Task item: Write out the lines below exactly, beginning at the one with "Blue Moissanite Pendant" and stopping after the one with "On arrival at"; the pictures are not copied.

··· Supplied data

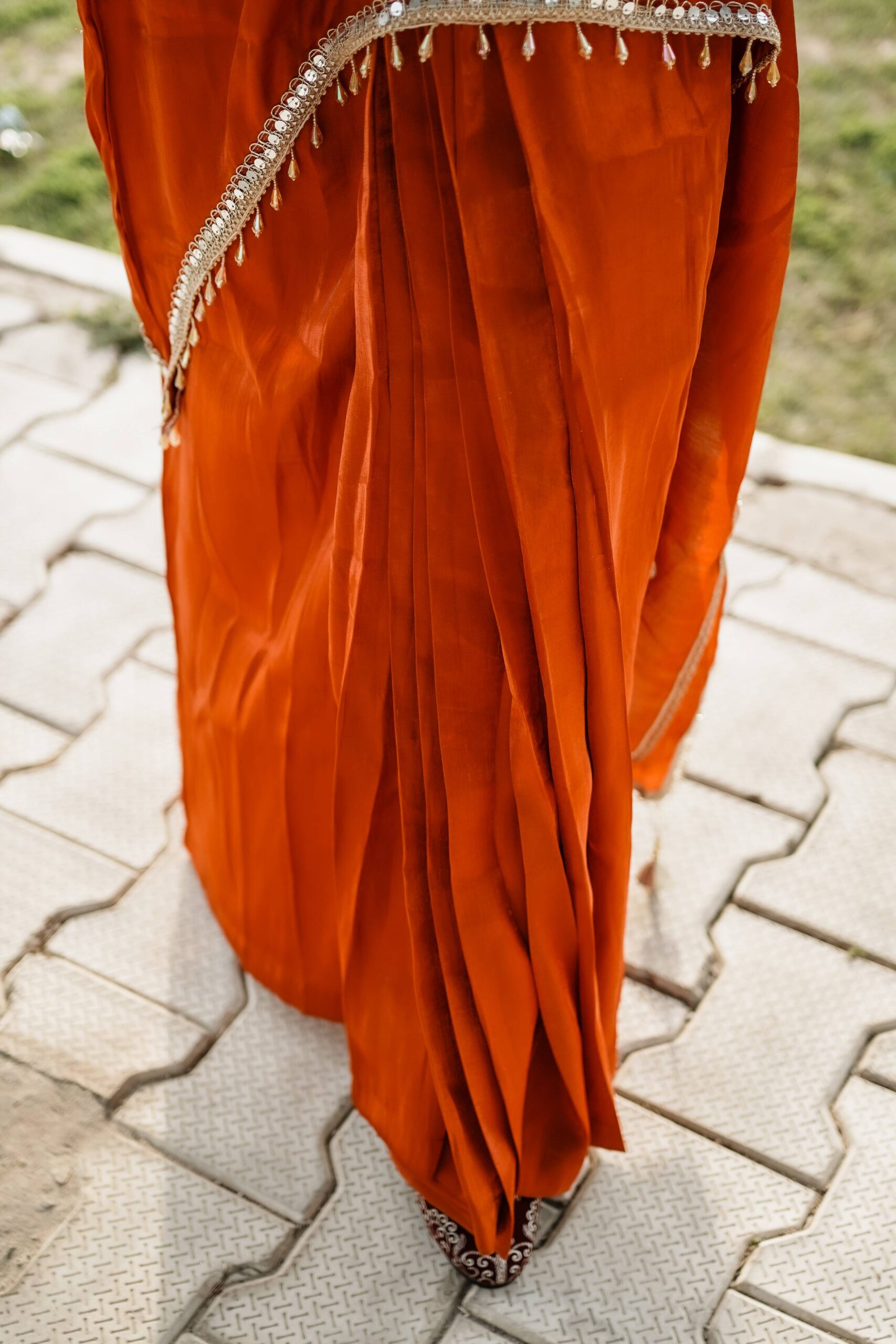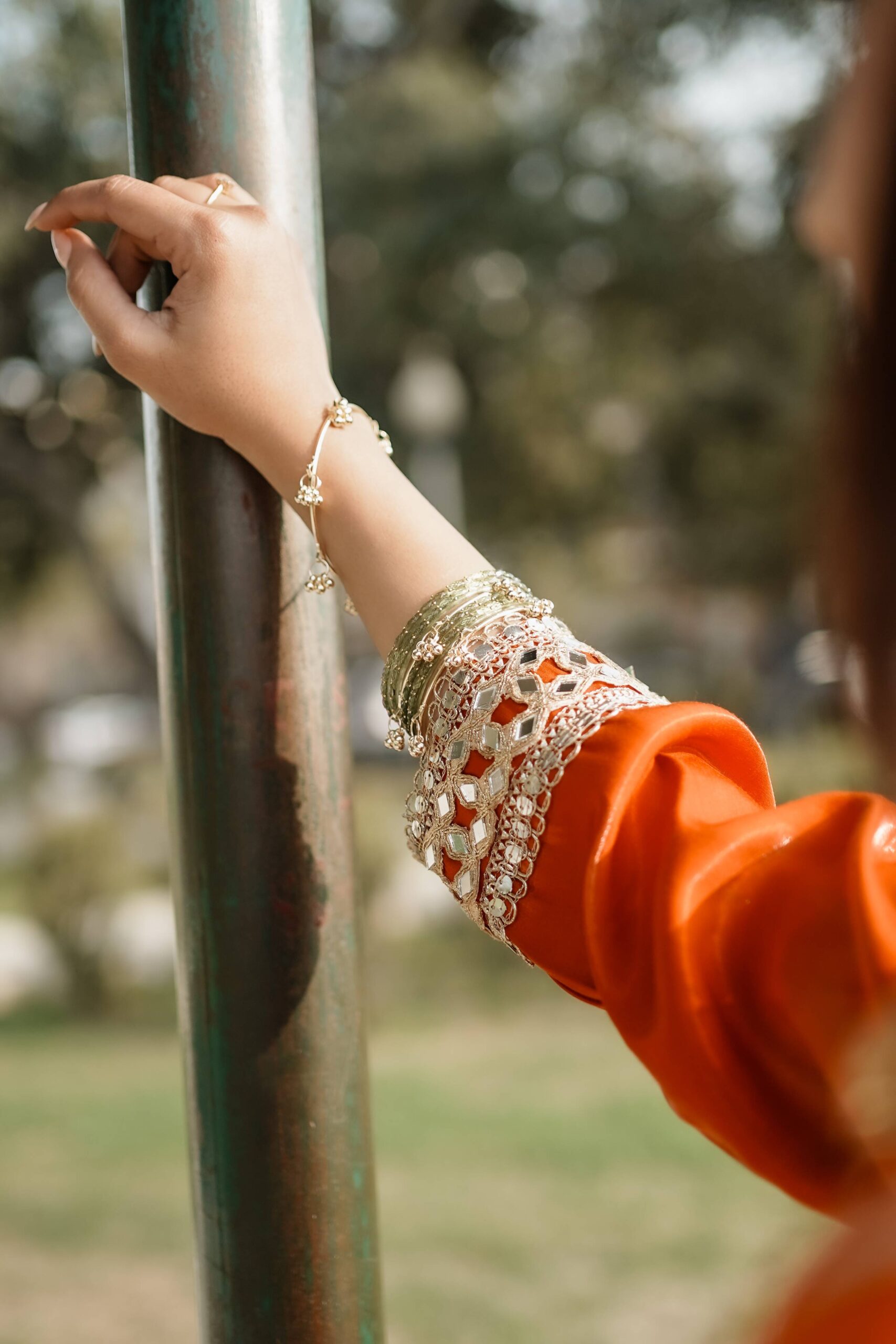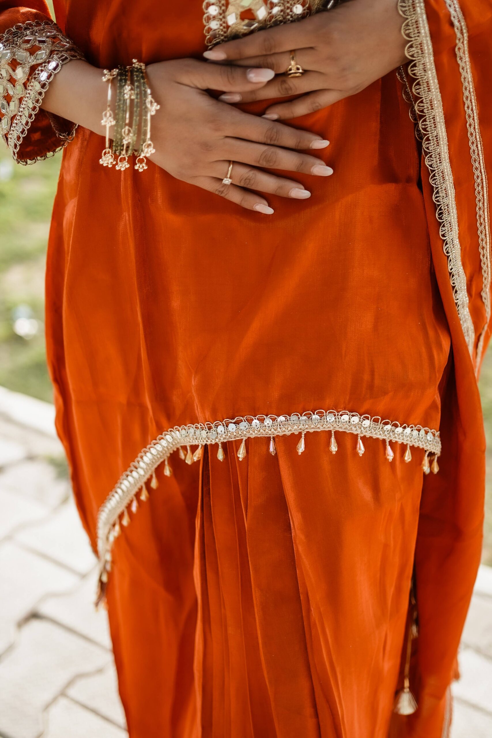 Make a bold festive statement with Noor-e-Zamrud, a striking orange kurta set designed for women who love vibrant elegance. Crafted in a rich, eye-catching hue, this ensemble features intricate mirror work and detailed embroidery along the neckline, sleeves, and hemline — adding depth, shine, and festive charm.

······
··· Supplied data

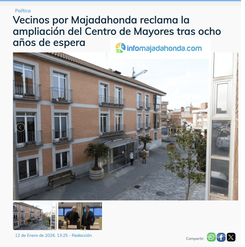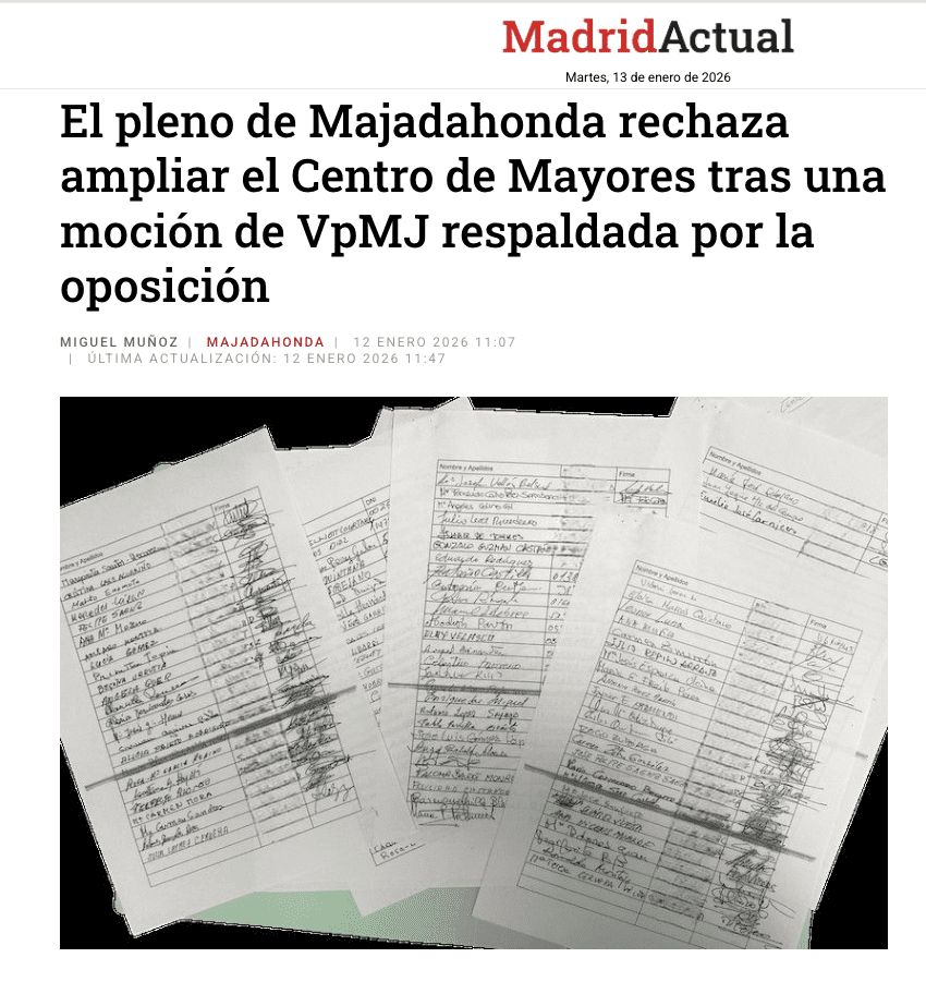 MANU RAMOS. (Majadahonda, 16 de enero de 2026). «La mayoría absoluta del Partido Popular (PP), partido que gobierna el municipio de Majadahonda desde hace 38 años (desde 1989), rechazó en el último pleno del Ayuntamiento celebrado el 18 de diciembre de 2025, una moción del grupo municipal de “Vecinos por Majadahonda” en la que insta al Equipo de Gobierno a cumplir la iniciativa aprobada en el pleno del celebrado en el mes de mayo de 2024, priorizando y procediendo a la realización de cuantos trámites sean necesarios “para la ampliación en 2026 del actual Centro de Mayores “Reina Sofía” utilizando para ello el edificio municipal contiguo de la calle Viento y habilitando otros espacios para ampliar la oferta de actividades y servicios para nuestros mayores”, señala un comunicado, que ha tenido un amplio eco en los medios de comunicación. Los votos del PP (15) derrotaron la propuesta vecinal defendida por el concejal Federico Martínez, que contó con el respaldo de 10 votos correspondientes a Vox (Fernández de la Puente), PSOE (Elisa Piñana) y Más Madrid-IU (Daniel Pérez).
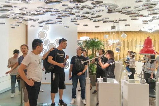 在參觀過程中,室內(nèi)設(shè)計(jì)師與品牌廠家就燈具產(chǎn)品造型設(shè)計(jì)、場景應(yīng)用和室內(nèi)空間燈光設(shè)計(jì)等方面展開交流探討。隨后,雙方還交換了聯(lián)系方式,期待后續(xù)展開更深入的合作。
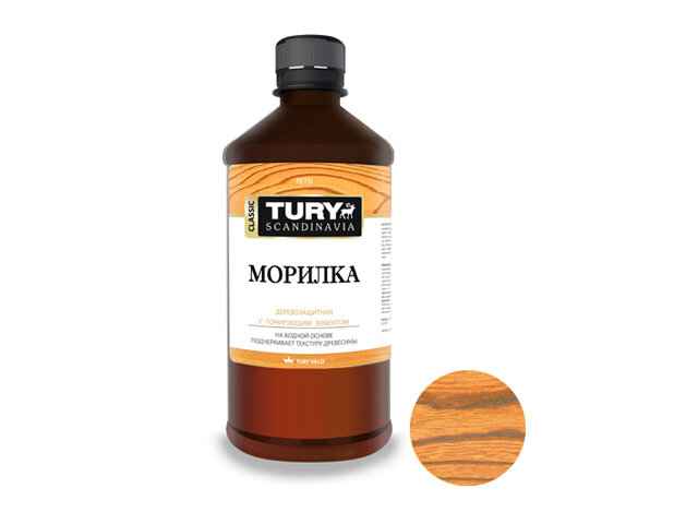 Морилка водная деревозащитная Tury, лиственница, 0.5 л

······
··· Supplied data

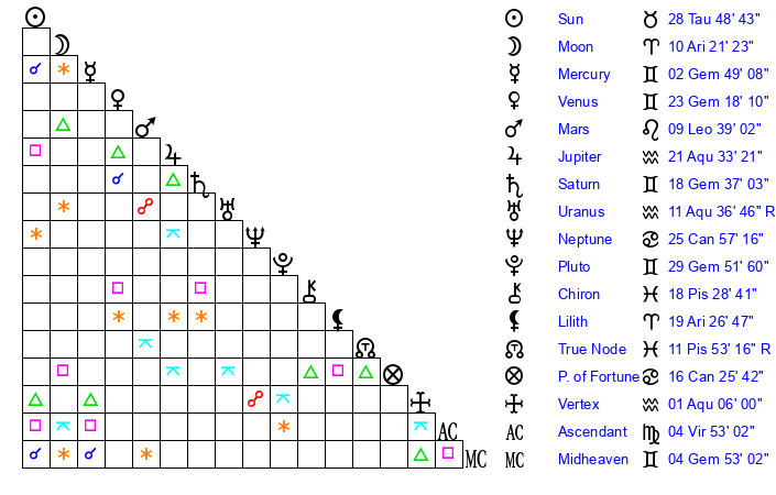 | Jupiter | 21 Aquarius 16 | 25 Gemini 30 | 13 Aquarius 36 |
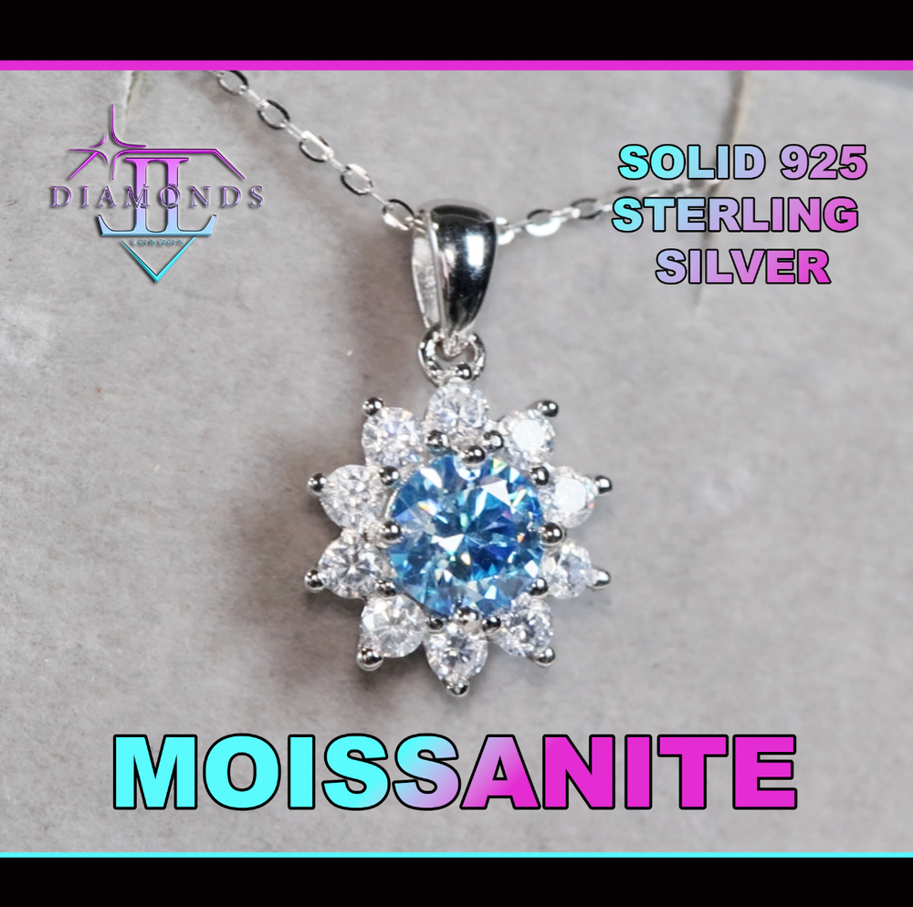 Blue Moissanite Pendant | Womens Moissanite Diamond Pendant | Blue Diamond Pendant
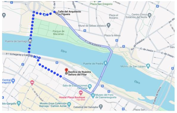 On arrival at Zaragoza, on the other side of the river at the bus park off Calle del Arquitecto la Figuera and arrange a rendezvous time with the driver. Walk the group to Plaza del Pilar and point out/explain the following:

······

Response to the exercise:
 Blue Moissanite Pendant | Womens Moissanite Diamond Pendant | Blue Diamond Pendant
 On arrival at Zaragoza, on the other side of the river at the bus park off Calle del Arquitecto la Figuera and arrange a rendezvous time with the driver. Walk the group to Plaza del Pilar and point out/explain the following:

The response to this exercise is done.